● **TASK ITEM**
Everything from the line with "ရှေးဦးစွာ ဝန်ကြီးချုပ် ဦးလှစိုးနှင့်" down to the line with "Genießen Sie Ihr" below must be printed exactly, those two lines included. Exclude pictures.

● **GIVEN DATA**
---------------

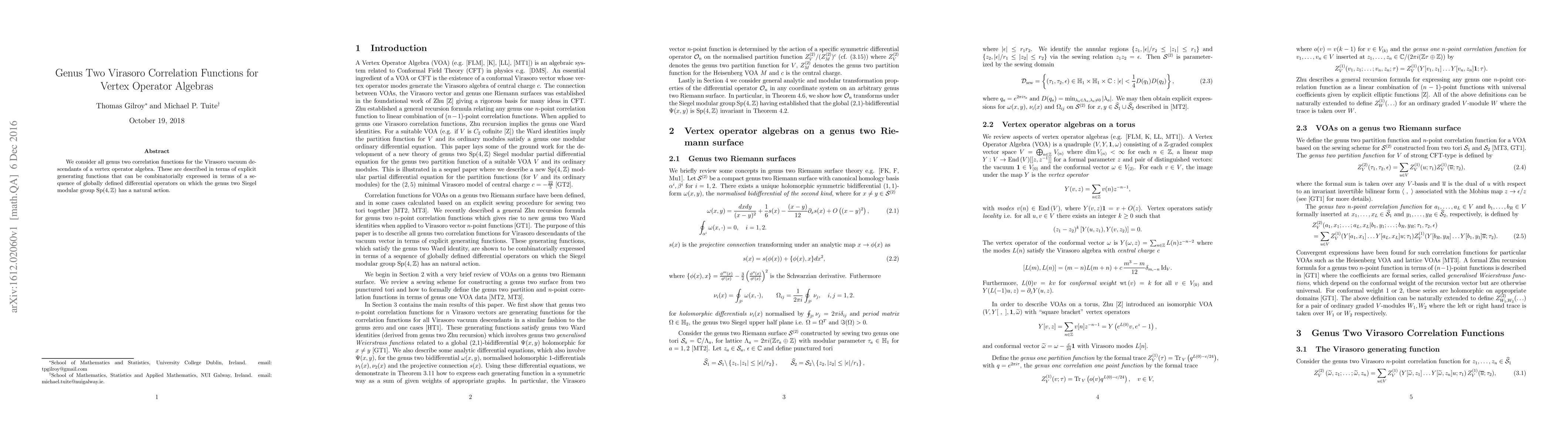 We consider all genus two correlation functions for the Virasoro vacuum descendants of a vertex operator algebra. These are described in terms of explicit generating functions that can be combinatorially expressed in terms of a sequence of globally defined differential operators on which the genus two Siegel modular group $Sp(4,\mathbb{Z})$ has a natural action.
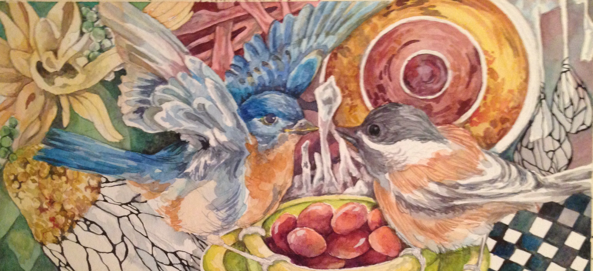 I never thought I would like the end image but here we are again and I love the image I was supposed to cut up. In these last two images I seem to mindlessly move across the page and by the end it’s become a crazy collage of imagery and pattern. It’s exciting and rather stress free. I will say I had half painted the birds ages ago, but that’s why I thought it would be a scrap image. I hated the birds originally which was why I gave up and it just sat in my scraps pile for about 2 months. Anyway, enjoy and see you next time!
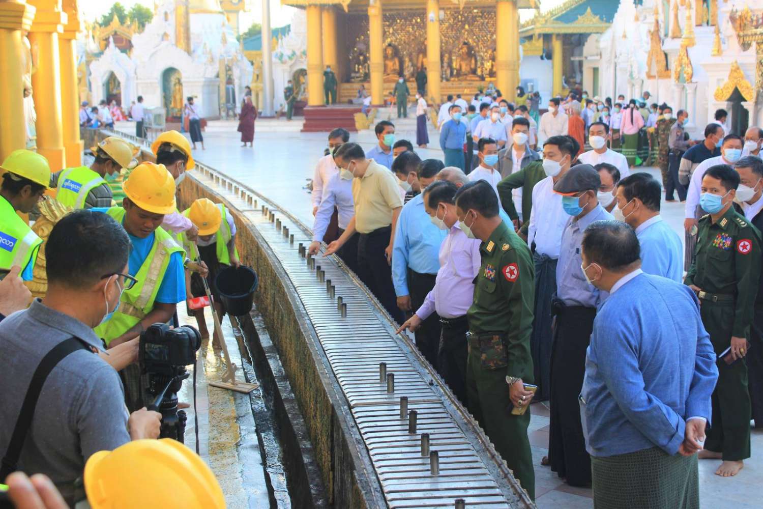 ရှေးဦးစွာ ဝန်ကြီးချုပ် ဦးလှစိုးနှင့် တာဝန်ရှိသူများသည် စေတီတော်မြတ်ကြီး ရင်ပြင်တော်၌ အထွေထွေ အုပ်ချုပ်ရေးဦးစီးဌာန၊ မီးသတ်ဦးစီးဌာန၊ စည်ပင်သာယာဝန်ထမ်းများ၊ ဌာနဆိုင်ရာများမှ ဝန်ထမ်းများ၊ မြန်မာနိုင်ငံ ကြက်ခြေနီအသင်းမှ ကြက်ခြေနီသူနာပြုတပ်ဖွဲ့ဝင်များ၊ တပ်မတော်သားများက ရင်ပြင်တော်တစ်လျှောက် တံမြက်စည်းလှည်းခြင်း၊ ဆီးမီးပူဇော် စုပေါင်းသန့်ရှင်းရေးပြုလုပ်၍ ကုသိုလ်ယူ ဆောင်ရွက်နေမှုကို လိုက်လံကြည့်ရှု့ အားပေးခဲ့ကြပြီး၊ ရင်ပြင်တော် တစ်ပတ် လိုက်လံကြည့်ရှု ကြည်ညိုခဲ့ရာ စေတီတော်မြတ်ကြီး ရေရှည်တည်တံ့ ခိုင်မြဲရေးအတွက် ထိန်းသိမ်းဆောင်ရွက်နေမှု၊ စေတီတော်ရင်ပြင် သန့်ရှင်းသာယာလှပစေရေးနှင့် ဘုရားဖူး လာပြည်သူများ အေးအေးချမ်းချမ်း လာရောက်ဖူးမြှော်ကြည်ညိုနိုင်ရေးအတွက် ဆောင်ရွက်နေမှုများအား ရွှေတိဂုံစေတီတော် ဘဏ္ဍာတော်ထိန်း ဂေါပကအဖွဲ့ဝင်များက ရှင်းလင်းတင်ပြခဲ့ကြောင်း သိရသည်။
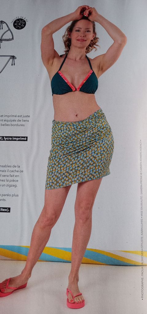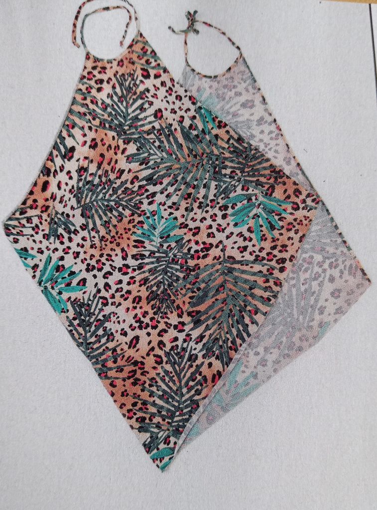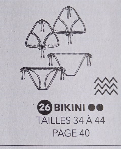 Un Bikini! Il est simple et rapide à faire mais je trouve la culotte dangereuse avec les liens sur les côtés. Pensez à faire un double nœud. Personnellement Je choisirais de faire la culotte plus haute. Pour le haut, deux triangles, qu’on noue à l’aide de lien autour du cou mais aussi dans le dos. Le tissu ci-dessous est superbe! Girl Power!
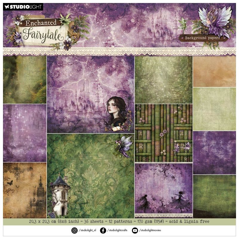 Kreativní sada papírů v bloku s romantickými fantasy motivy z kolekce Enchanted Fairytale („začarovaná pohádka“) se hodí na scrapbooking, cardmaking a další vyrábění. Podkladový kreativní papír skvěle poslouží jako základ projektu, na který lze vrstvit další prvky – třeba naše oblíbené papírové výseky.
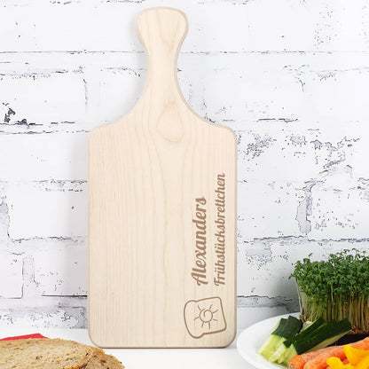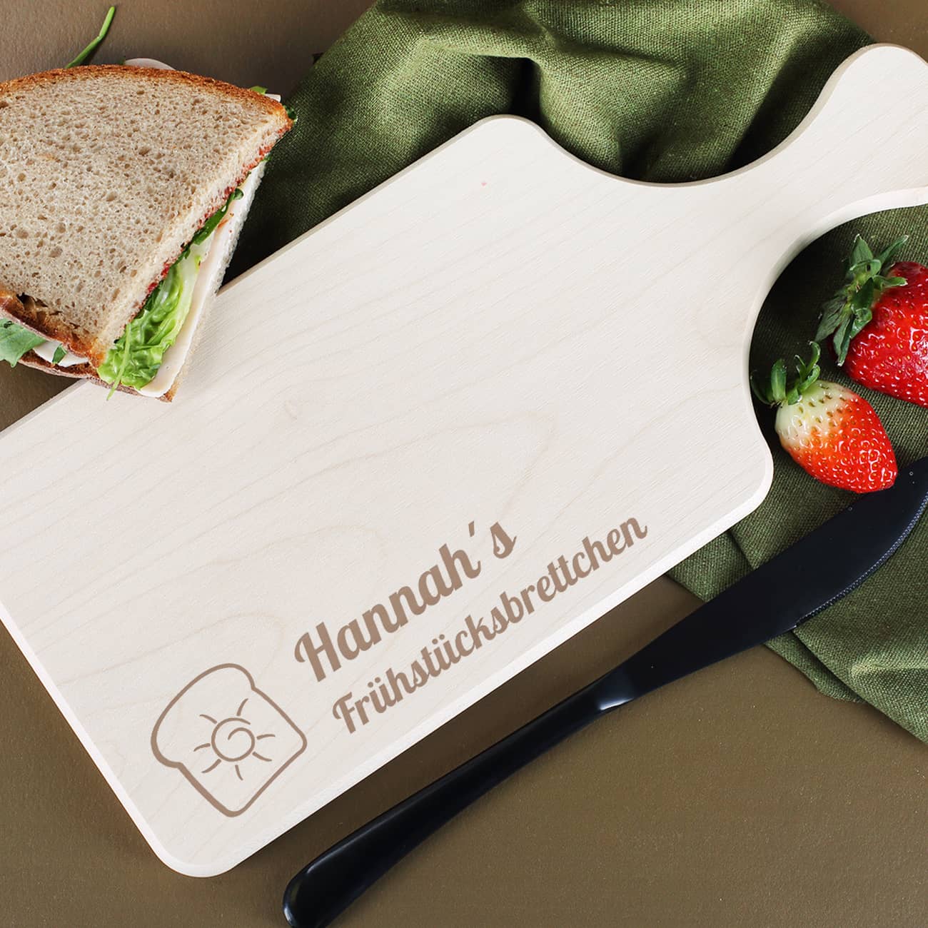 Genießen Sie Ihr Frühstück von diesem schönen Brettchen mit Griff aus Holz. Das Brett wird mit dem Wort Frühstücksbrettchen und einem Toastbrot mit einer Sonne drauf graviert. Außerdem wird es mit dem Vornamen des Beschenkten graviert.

---------------

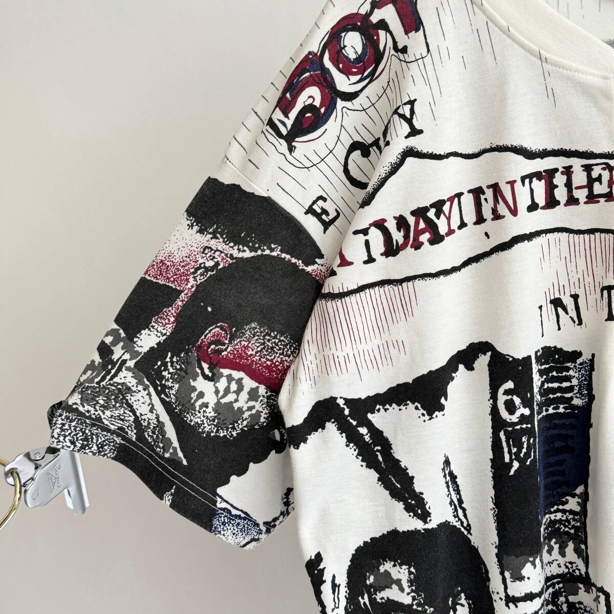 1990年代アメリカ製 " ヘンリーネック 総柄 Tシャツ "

---------------

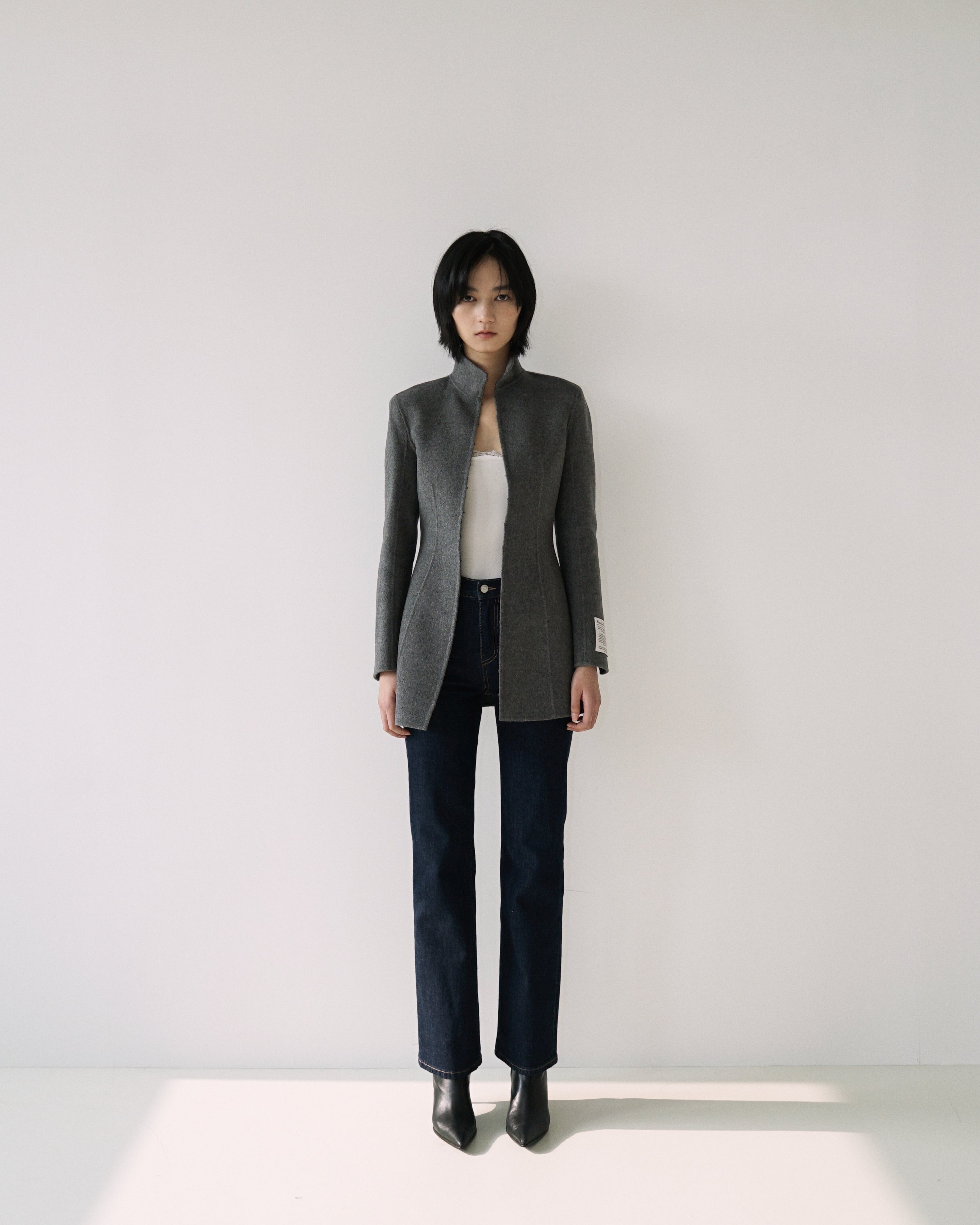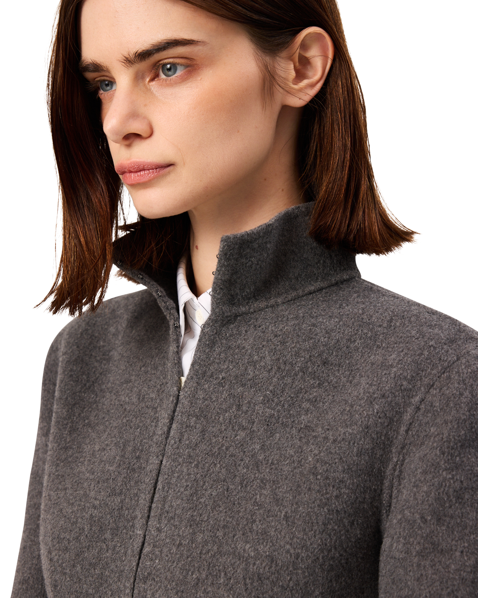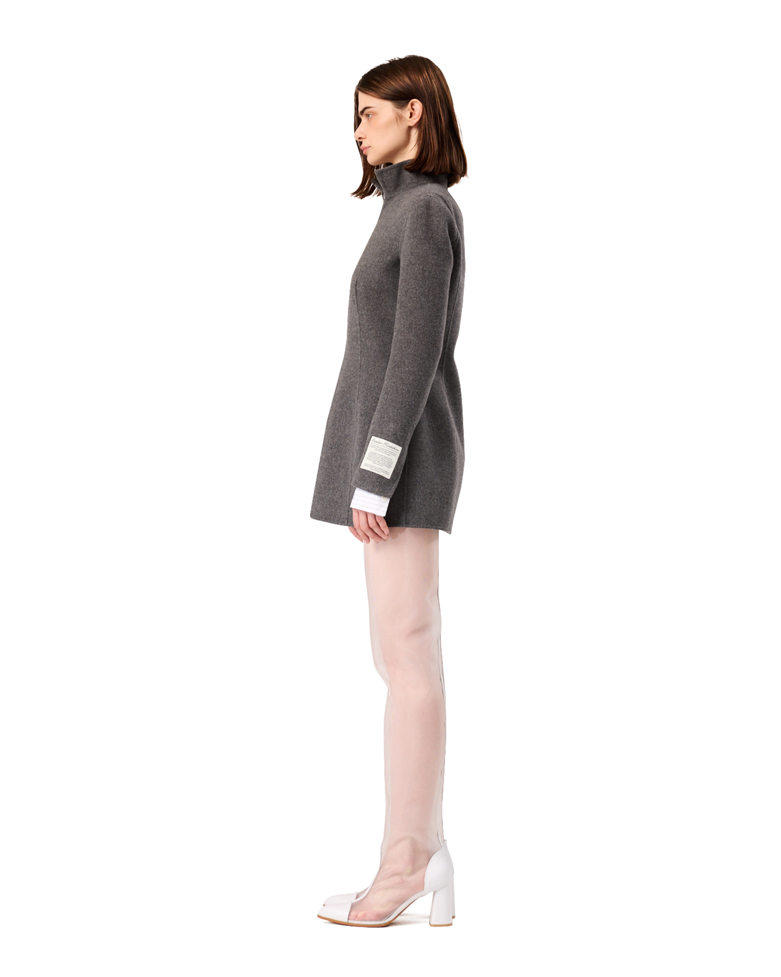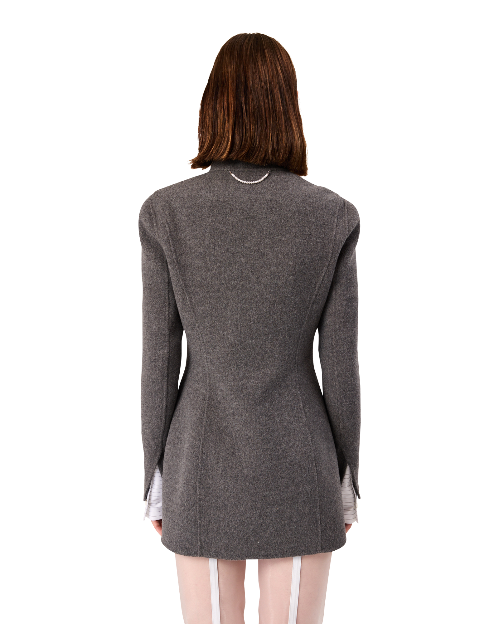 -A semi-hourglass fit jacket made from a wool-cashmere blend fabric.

---------------

● **YOUR SOLUTION**
 ရှေးဦးစွာ ဝန်ကြီးချုပ် ဦးလှစိုးနှင့် တာဝန်ရှိသူများသည် စေတီတော်မြတ်ကြီး ရင်ပြင်တော်၌ အထွေထွေ အုပ်ချုပ်ရေးဦးစီးဌာန၊ မီးသတ်ဦးစီးဌာန၊ စည်ပင်သာယာဝန်ထမ်းများ၊ ဌာနဆိုင်ရာများမှ ဝန်ထမ်းများ၊ မြန်မာနိုင်ငံ ကြက်ခြေနီအသင်းမှ ကြက်ခြေနီသူနာပြုတပ်ဖွဲ့ဝင်များ၊ တပ်မတော်သားများက ရင်ပြင်တော်တစ်လျှောက် တံမြက်စည်းလှည်းခြင်း၊ ဆီးမီးပူဇော် စုပေါင်းသန့်ရှင်းရေးပြုလုပ်၍ ကုသိုလ်ယူ ဆောင်ရွက်နေမှုကို လိုက်လံကြည့်ရှု့ အားပေးခဲ့ကြပြီး၊ ရင်ပြင်တော် တစ်ပတ် လိုက်လံကြည့်ရှု ကြည်ညိုခဲ့ရာ စေတီတော်မြတ်ကြီး ရေရှည်တည်တံ့ ခိုင်မြဲရေးအတွက် ထိန်းသိမ်းဆောင်ရွက်နေမှု၊ စေတီတော်ရင်ပြင် သန့်ရှင်းသာယာလှပစေရေးနှင့် ဘုရားဖူး လာပြည်သူများ အေးအေးချမ်းချမ်း လာရောက်ဖူးမြှော်ကြည်ညိုနိုင်ရေးအတွက် ဆောင်ရွက်နေမှုများအား ရွှေတိဂုံစေတီတော် ဘဏ္ဍာတော်ထိန်း ဂေါပကအဖွဲ့ဝင်များက ရှင်းလင်းတင်ပြခဲ့ကြောင်း သိရသည်။
 Un Bikini! Il est simple et rapide à faire mais je trouve la culotte dangereuse avec les liens sur les côtés. Pensez à faire un double nœud. Personnellement Je choisirais de faire la culotte plus haute. Pour le haut, deux triangles, qu’on noue à l’aide de lien autour du cou mais aussi dans le dos. Le tissu ci-dessous est superbe! Girl Power!
 Kreativní sada papírů v bloku s romantickými fantasy motivy z kolekce Enchanted Fairytale („začarovaná pohádka“) se hodí na scrapbooking, cardmaking a další vyrábění. Podkladový kreativní papír skvěle poslouží jako základ projektu, na který lze vrstvit další prvky – třeba naše oblíbené papírové výseky.
 Genießen Sie Ihr Frühstück von diesem schönen Brettchen mit Griff aus Holz. Das Brett wird mit dem Wort Frühstücksbrettchen und einem Toastbrot mit einer Sonne drauf graviert. Außerdem wird es mit dem Vornamen des Beschenkten graviert.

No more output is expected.